**Data below**
= Beginning of Section =

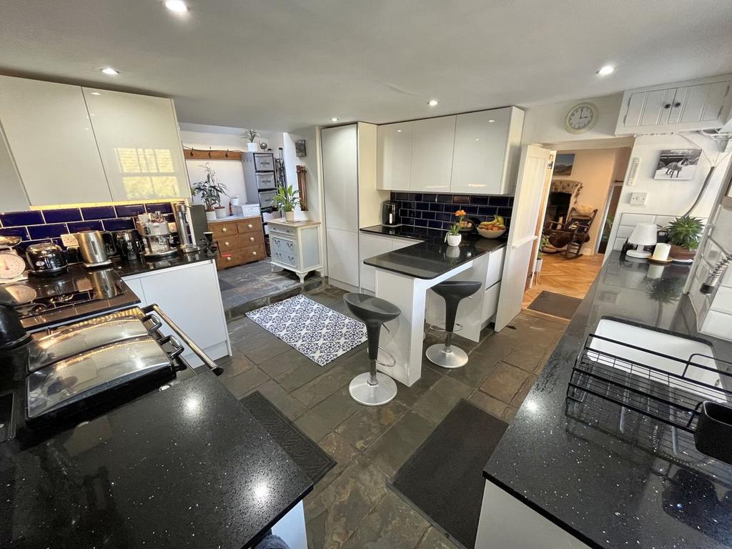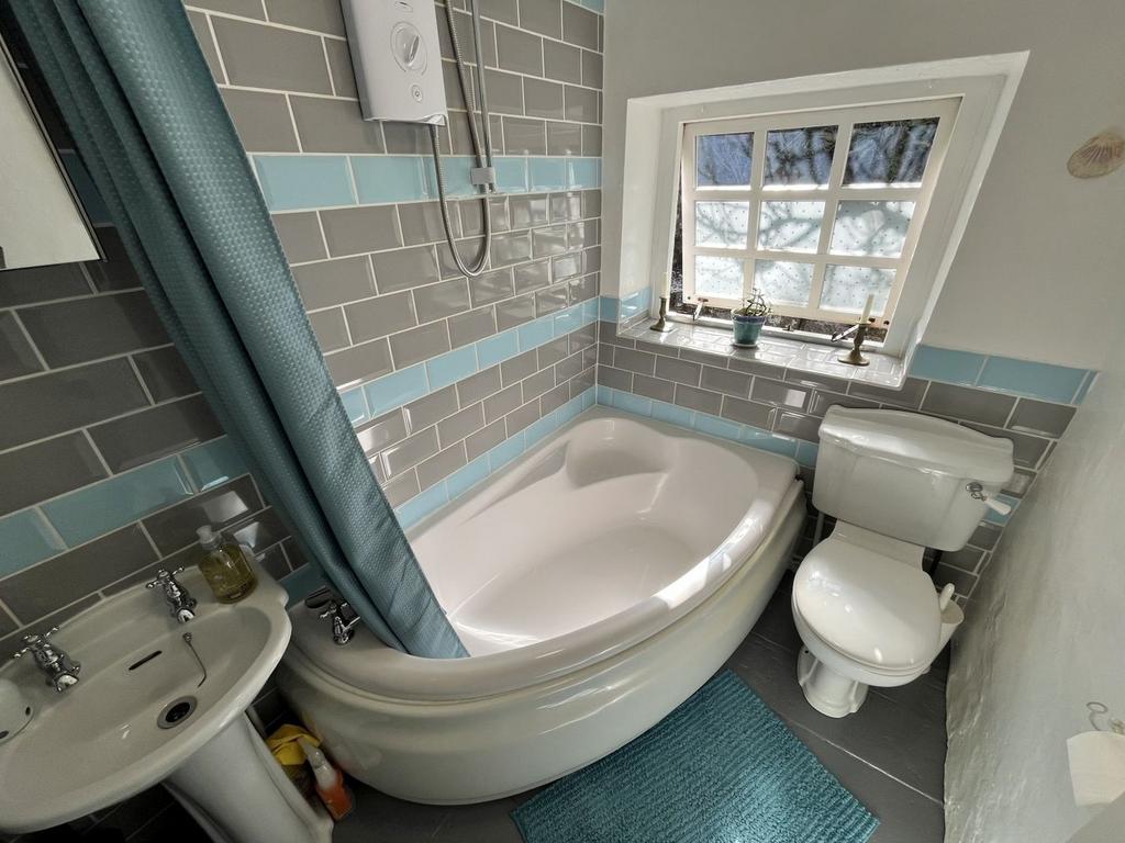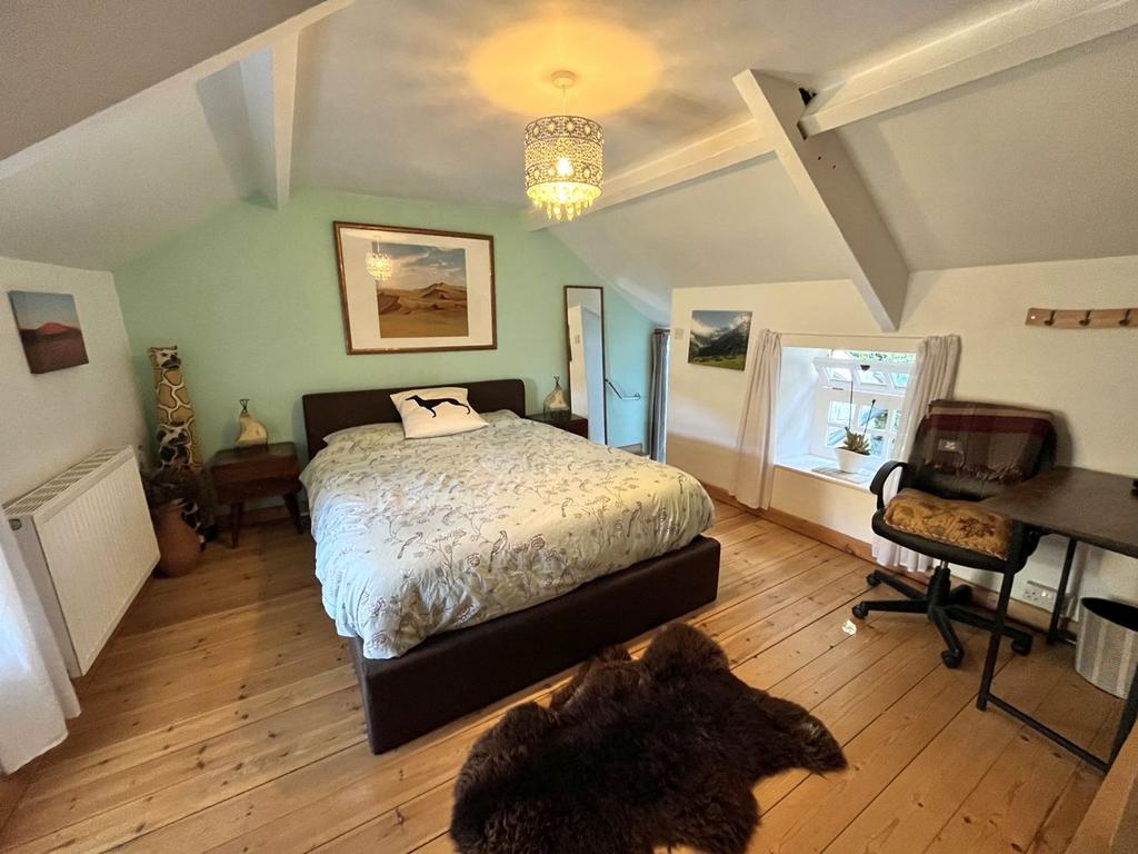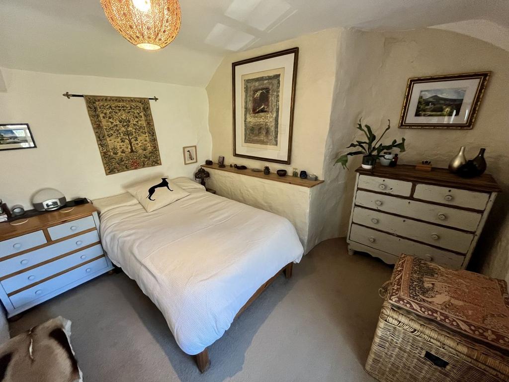 The cottage comprises of a welcoming dining room and cosy lounge, both with fireplaces housing wood burning stoves. The modern kitchen has a range of fitted wall and floor cupboards, quartz worktops, slate floor, breakfast bar, oil Rayburn and integrated dishwasher. Rear access brings you into a lobby; flooded with natural light, that is open to the kitchen and leads to the office, which is currently used as an exercise room. Upstairs, there are three bedrooms and two bathrooms. The master bedroom or guest room is accessed via a circular stone staircase from the lounge and has a contemporary ensuite shower room.
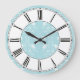 A pretty blue and white damask pattern with a roman numeral clock face.
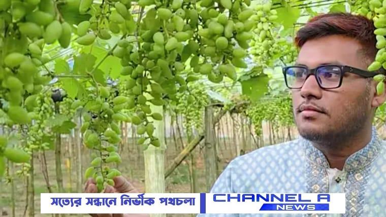 রাজশাহীতে আঙুর চাষে সাফল্য, বছরে ২০ লাখ টাকার স্বপ্ন উদ্যোক্তা সাগরের

= End of Section =

**Exercise description**
Set down the material above exactly as it reads, but not its pictures.

**Reply**
 The cottage comprises of a welcoming dining room and cosy lounge, both with fireplaces housing wood burning stoves. The modern kitchen has a range of fitted wall and floor cupboards, quartz worktops, slate floor, breakfast bar, oil Rayburn and integrated dishwasher. Rear access brings you into a lobby; flooded with natural light, that is open to the kitchen and leads to the office, which is currently used as an exercise room. Upstairs, there are three bedrooms and two bathrooms. The master bedroom or guest room is accessed via a circular stone staircase from the lounge and has a contemporary ensuite shower room.
 A pretty blue and white damask pattern with a roman numeral clock face.
 রাজশাহীতে আঙুর চাষে সাফল্য, বছরে ২০ লাখ টাকার স্বপ্ন উদ্যোক্তা সাগরের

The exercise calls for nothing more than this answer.